Blind people read with their fingers. There are certain reading groups where a book, journal or magazine is read aloud to groups of people. Words are fascinating. They make up the fabric of so much of our life. No matter which book we read (in whichever language we read), we are bound to come across a word we may have never heard of before or a word that has slipped away from the clutches of human memory. Only then do we turn to the repertoire of words and their meanings- the dictionary.

Talking about human memory, do you remember the time you first came to know about a dictionary? Do you remember the first word you looked up in a dictionary? Yes? No? I remember. It was ‘funny’. How old would I have been at the time when I did not even know what funny meant! Or perhaps I did?

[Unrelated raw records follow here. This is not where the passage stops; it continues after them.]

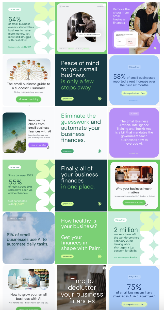 As part of our initial brand book, we build out a strategic brand house along with all core brand elements across channels, using Palm’s brand house rooted in data and strategy to create a beautiful brand rooted in a vision of peace and prosperity for small business owners everywhere.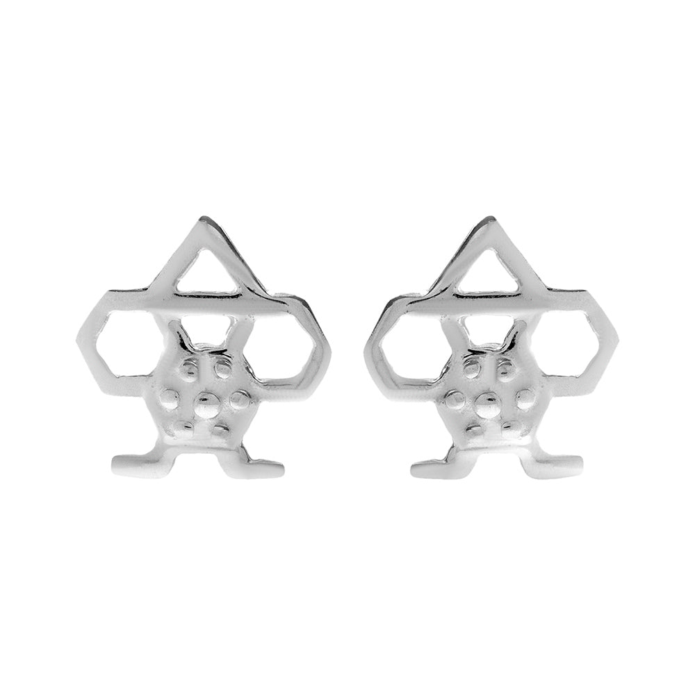 Silver bee and honey comb deisgn stud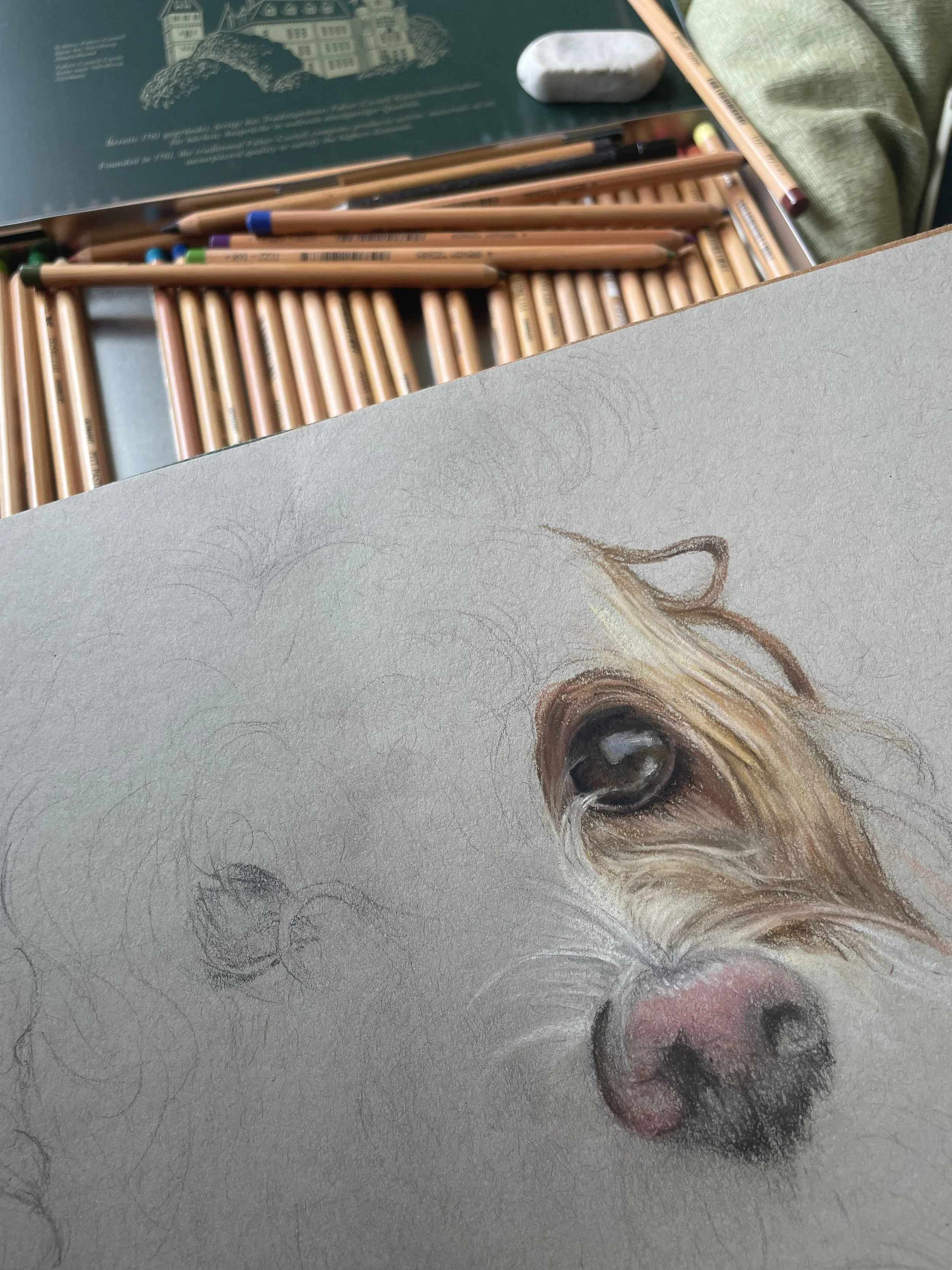 Once you have shown interest about getting your very own bespoke drawing, I will contact you via Email to discuss the basics such as size, number of subjects and who’s it for. I also want to find out about your pet! Each drawing I get to draw feels like its own story and I want to know what makes your pet so special to you so I can capture the personality that you love so much.

I was reading a book of short stories, covered in a chocolate brown cover, when I came across the word funny. As I did not know the meaning of the word, I asked my father to explain its meaning to me. He did not say anything. He got up, went straight into the room and brought out a huge book with him. It was red, bound.



To continue reading, please subscribe to the Madras Courier.

Subscribe Now

Or Login


 

-30-

Copyright©Madras Courier, All Rights Reserved. You may share using our article tools. Please don't cut articles from madrascourier.com and redistribute by email, post to the web, mobile phone or social media.
Please send in your feed back and comments to [email protected]

0 replies on “The Dying Dictionary”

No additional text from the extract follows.